Sasquatch doesn't appear every day, but at least 45 people claim to have seen, smelled or heard some signs of the creature in King County in the past 46 years, according to the Bigfoot Field Research Organization (www.bfro.net).

Sasquatch doesn’t appear every day, but at least 45 people claim to have seen, smelled or heard some signs of the creature in King County in the past 46 years, according to the Bigfoot Field Research Organization (www.bfro.net).

The most recent sighting, in 2014, was in Bellevue, but the reports also came from Maple Valley, Enumclaw, Grass Mountain, Issaquah, Duvall, Carnation, Rattlesnake Lake and all around Snoqualmie and North Bend.

Maybe the witnesses were all mistaken and there is no Bigfoot. It hardly matters.

“Regardless of whether you believe in Sasquatch or not, it’s become an icon for the Northwest,” said David George Gordon, author of the “Sasquatch Seeker’s Field Manual.”

The creature appears on countless state souvenirs and is the subject of dozens of books. There’s a law in Skamania County — which had the second most reported Sasquatch sightings on BFRO.net — against harming a Sasquatch, Gordon said and the creature even appears in the U.S. Army Corps of Engineers’ 1975 Washington Environmental Atlas.

Gordon said the caveat-loaded text describes it as “an ape-like creature, standing between 8 and 12 feet tall, weighing about 1,000 pounds, covered with long hair, very agile and powerful.”

Speaking at a program April 7 at the Carnation Library, Gordon said this description fits that of many people who say they’ve seen Sasquatch.

For the record, Gordon does not claim to be a Sasquatch expert, although he’s talked to several. He calls himself “a fence sitter” on the whole question, not convinced that the creatures do or don’t exist. He’s never seen one; he’s keeping an open mind.

“Absence of evidence is not evidence of absence,” he said, quoting astronomer Carl Sagan. Then he added, “but I wouldn’t go to court with some of this sloppy evidence.”

A glimpse through trees, a bad smell, strange sounds, huge footprints are all elements of the “sightings” that have been reported, but so far none, not even the famed 1967 Patterson-Gimlin film, a few seconds of 16mm footage of one of the creatures, have been verified.

That could just be a matter of time.

In his book, and in his presentation, Gordon proposes that and describes how Sasquatch seekers can become “citizen scientists,” observing and collecting as much data as they can, then following a scientific process for documenting and reporting a discovery, big-footed or not, for professional scientists to analyze.

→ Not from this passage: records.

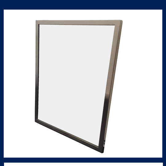
Framed Mirror Stainless Steel -450mmW x 1000mmH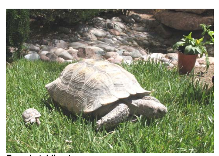
From hatchling to grownup

The August meeting will continue the same effort, refining and reworking. Watch for it! The September meeting will bring the unveiling of the New Tortoise Group!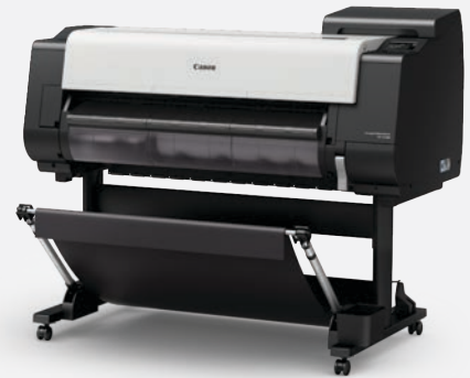
imagePROGRAF TX-3100 Printer with Multipositional Catch Basket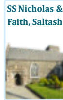
SS Nicholas & Faith, Saltash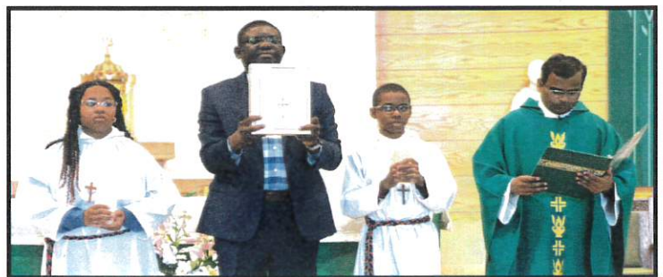
10:30 A.M. Mass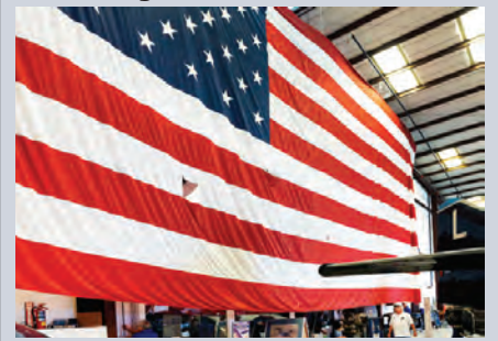
Removing the tattered and torn flag in the main hangar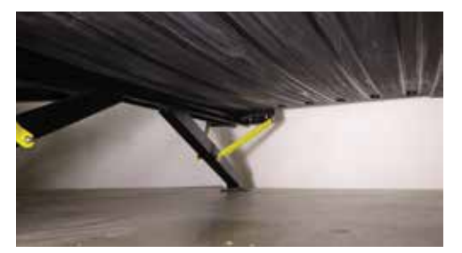
Heat is routed into individually insulated holding tanks to keep them, the valves and PEX lines warm.

Extending your camping season in comfort, Lance's Four Seasons Comfort Technology package is standard equipment on every Lance. The intentional selection of several vital features combines to ensure you and your loved ones stay comfortable as you explore during the "shoulder seasons"!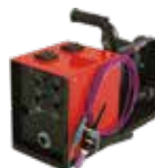
Cold wire feeder for TIG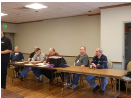
VE's waiting for their students to finish.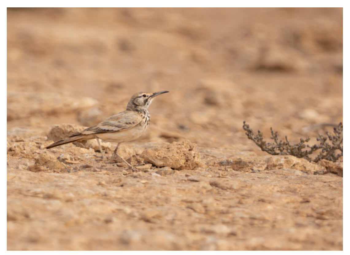
Greater Hoopoe-Lark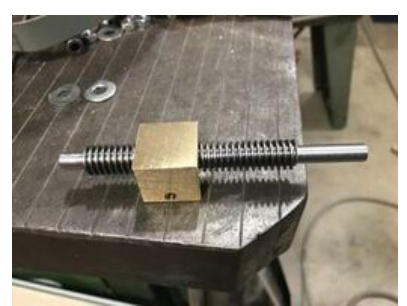
This is the jack screw for the adjustable seat

The work continues. Here are some recent photos: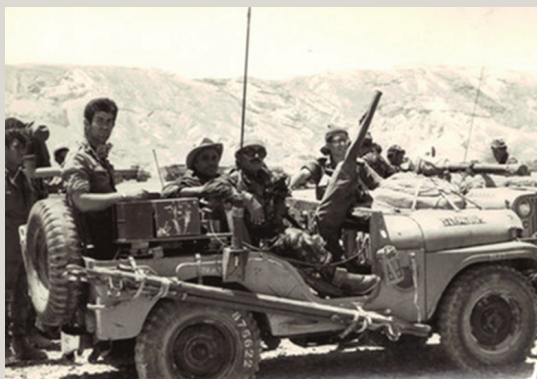
Israeli reconnaissance forces from the Shaked unit in the Sinai region during the 1967 Six-Day War.

For people who are unfamiliar with the history, In Our Hands does an outstanding job of highlighting the challenges faced by the Jewish state two decades after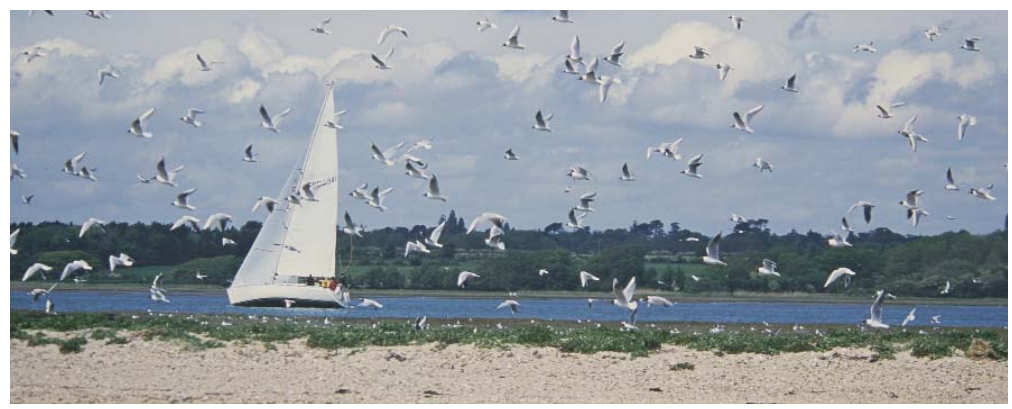
Chris Gomersall/Natural England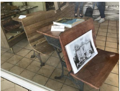
Two children's school desks with inkwells ... one from the 1800's and one from the 1900's.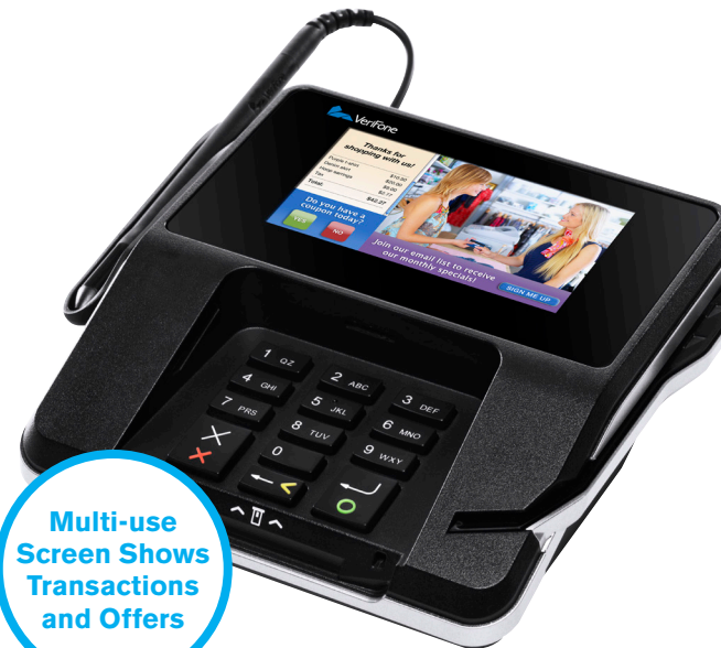
Multi-use Screen Shows Transactions and Offers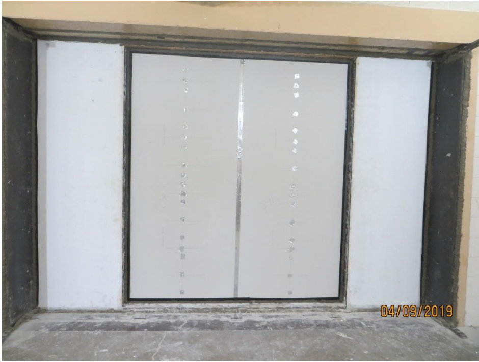
Figure 1 – Specimen mounted in test opening, as viewed from receive room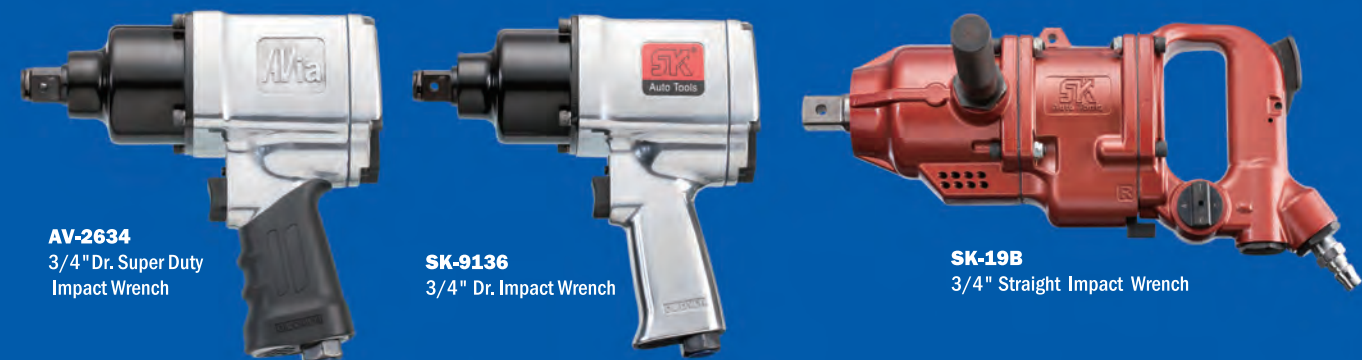
AV-2634 3/4" Dr. Super Duty Impact Wrench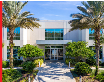
Building H 8325 South Park Cir Orlando, FL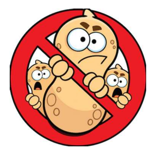
The school has several children that have severe nut allergies. Please do not send foods that contain nuts into school.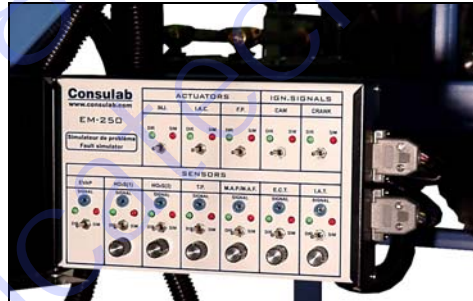
EM-250, GAS ENGINE FAULT SIMULATOR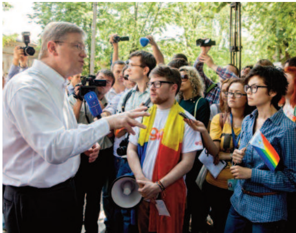
European Commissioner Štefan Füle attends LGBT rally in Moldova.

As a consequence of HRDs’ work, family members of HRDs may be threatened or attacked. While the EU does not explicitly mention family members of HRDs in its commitments, HRDs should nevertheless include family members at risk when requesting EU protective action. EU commitments relate to HRDs working at both registered and non-registered organisations.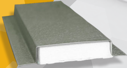
Hat Channel Batten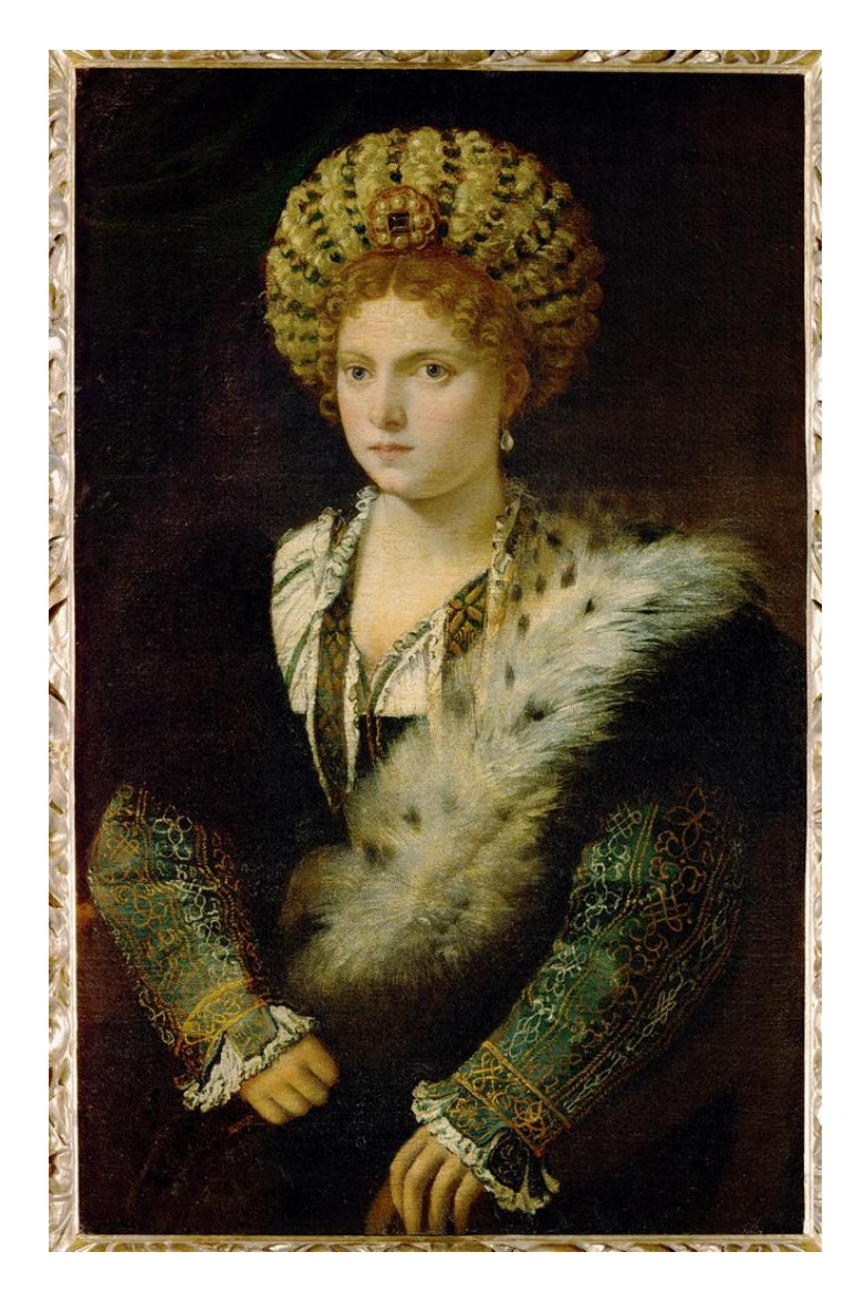
Fig. 2. Titian, Portrait of Isabella d'Este , 1534–36, Kunsthistorisches Museum, Vienna.

fashion among most powerful ruling houses in North Italy.<sup>10</sup> The lady wears an Eastern-style, shimmering golden shoulder-covering ( bavero ) with a deep neckline, made from silk damask embroidered with a royal pomegranate motif. A long necklace of blue lapis that matches the color of her eyes, a violet-colored sash with a large ribbon decorating her waist, and brown falconing gloves complete an elaborate dress well-suited to a high-born princess.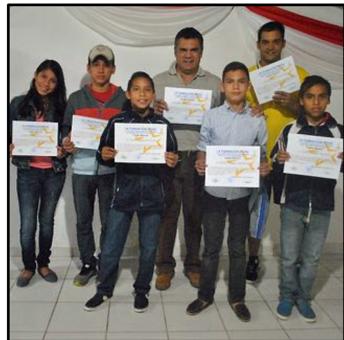
FT English class students with certificates.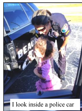
I look inside a police car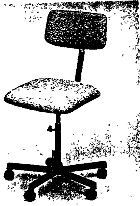
TC5 < TYPIST CHAIR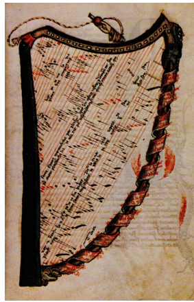
Jacob de Senleches, La harpe de melodie , Chicago, Newberry Library, Ms. 54.1, f. 10r.

Here are the qualities of Senleches' harp: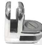
16 x 2Way Connectors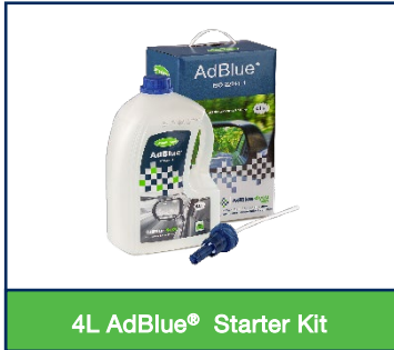
4L AdBlue® Starter Kit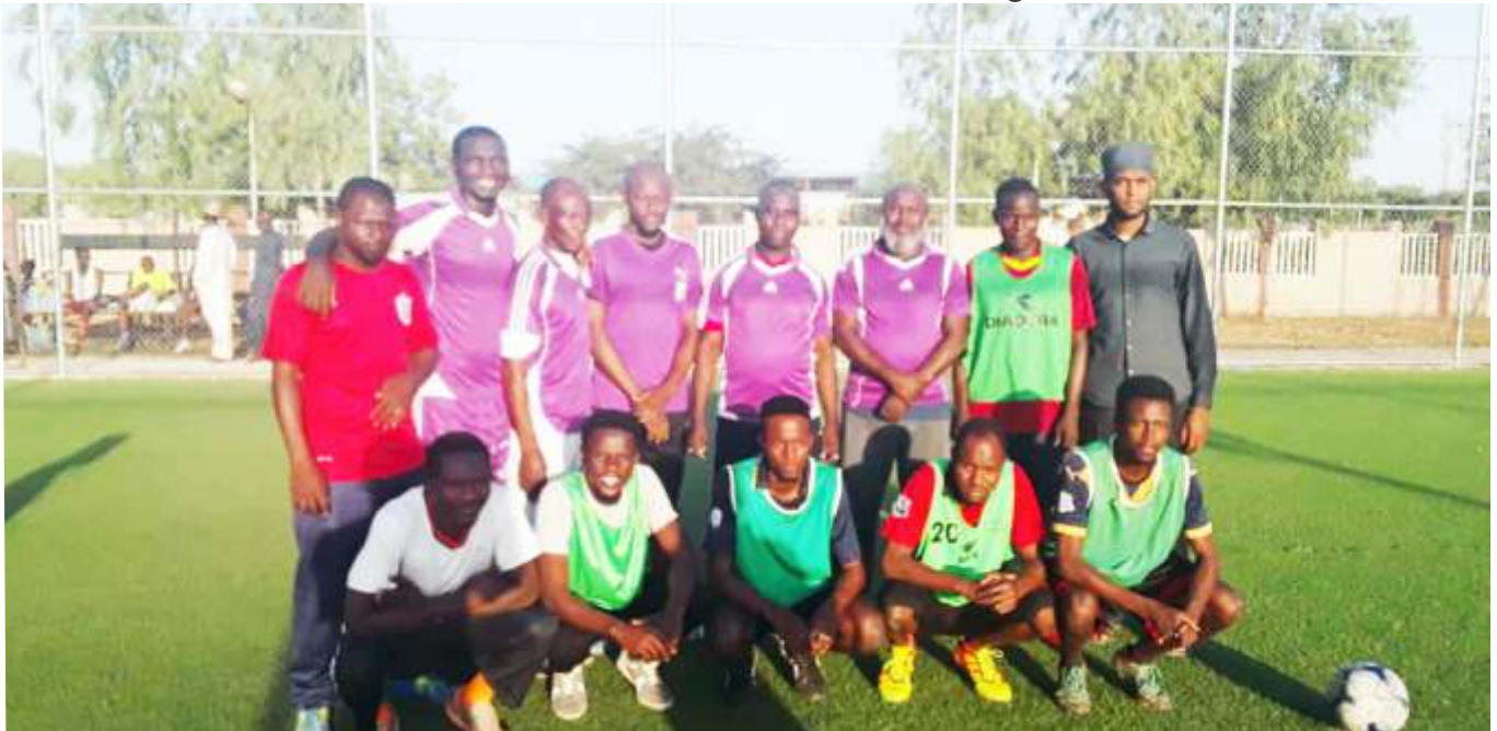
Staff of the Department of Electrical Engineering and their students in a group photograph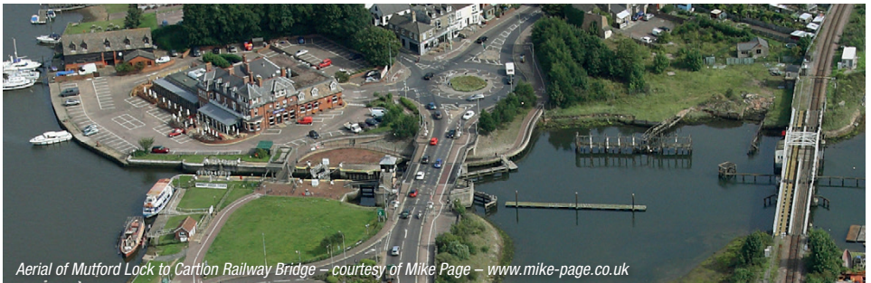
Aerial of Mutford Lock to Carlton Railway Bridge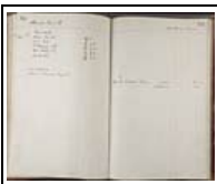
Job book: 53061 Page: 161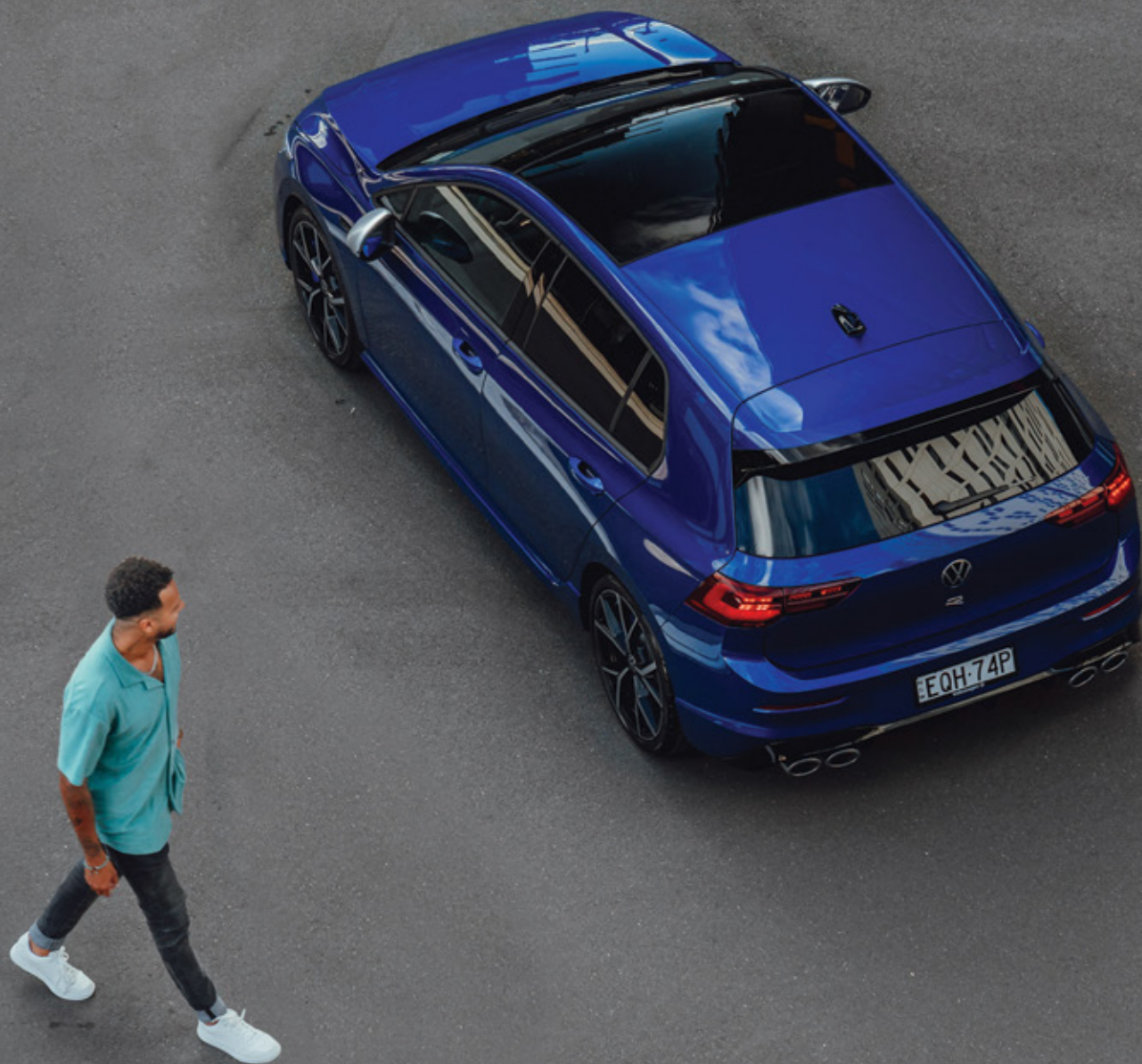
Golf R model shown with optional sunroof

Citizen scientists were the first scientists.

“Up until the 1800s, no one was a professional scientist,” Gordon said. “They all had day jobs.”

Mysteries and monsters have disappeared over the years as science started to explain our world, he said, particularly in cryptozoology, or “the study of hidden animals.”

“The cryptid (hidden animal) of yesteryear could be the zoo animal of today,” he said.

The field manual is Gordon’s second book on Sasquatch; he’s also written about slugs, oysters, cockroaches, tropical fish and an entire cookbook of insect recipes. However, it’s his first to be published by Mountaineer Books, better known for their practical how-to guides.

Essentially, that’s what the field manual is, a how-to guide, not for people who want to find Sasquatch, but for those who, if they do, can prove it.

It takes a lot of work, though, Gordon warns.

“If you’re going to be a citizen scientist, you have to be good at taking notes,” he sighed. You’re also going to want help, so bring a notebook, a camera and a friend when you trek into the woods in search of Bigfoot.

“Even if you don’t see the slightest traces of a Sasquatch, you’re going to be fully attuned to what you do see,” Gordon said.